After all the internal turmoil, the endless conflicts in my head about my identity and sexuality, clarity came to me one morning, about one week before I officially "came out." I had been battling the forces of my desire, at least on a conscious level, for some months, trying to comprehend how this new layer of wanting would fit into my idea of a cliche suburban future: wife, kids, private property, white picket fence and all. I kept attempting to assess my queerness with an eye of reformation, as if I could logically rework my homosexuality into a heterosexual equation. This was by far the deepest source of anxiety for me at that time.
One morning, in the early break of a Saturday sunrise, before I had even opened my eyes, I thought to myself, "I want to kiss a man today." The words were so clearly formed I almost said them out loud, and for some reason it registered a level of honesty with myself that I had never come to terms with before.
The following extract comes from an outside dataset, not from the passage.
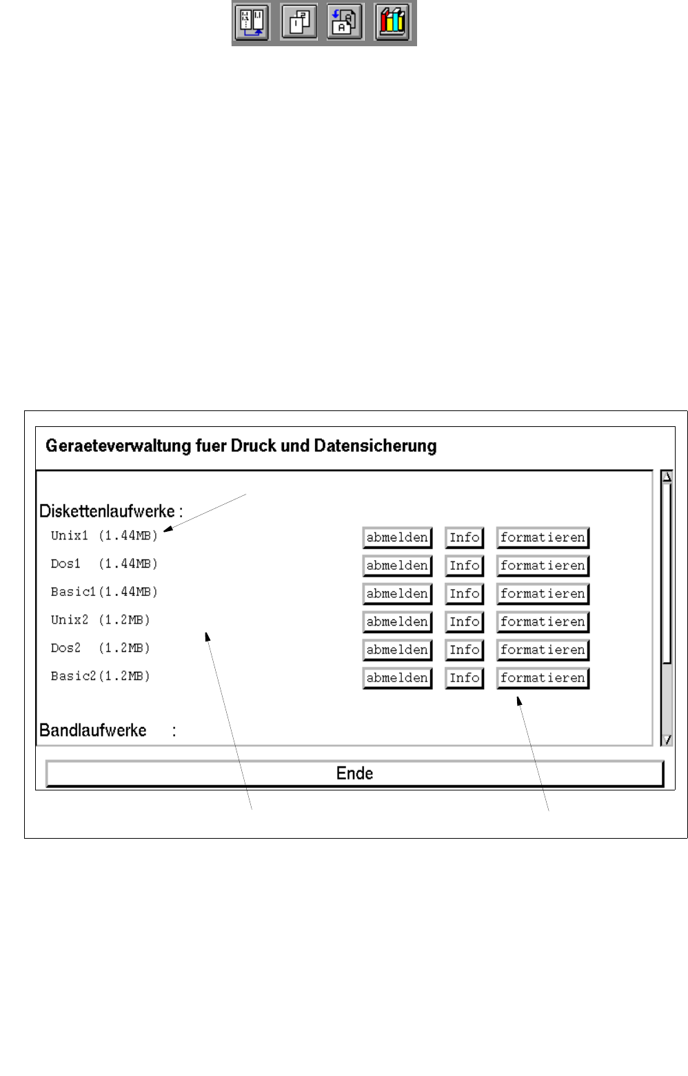 Bandlaufwerke. Außerdem können Datenträger für eine Datensicherung vorbereitet (formatiert) werden.

I had no more questions for myself in that moment, because a statement like that answered all the previous ones.
This was, in the chronology of my life, the moment that I allowed myself to be queer. It was a moment of such profound honesty and momentous decisiveness that it shook me for the rest of that day, and I hold this moment very dearly to my heart.
The only disappointment is that I, in fact, never did kiss a man that day.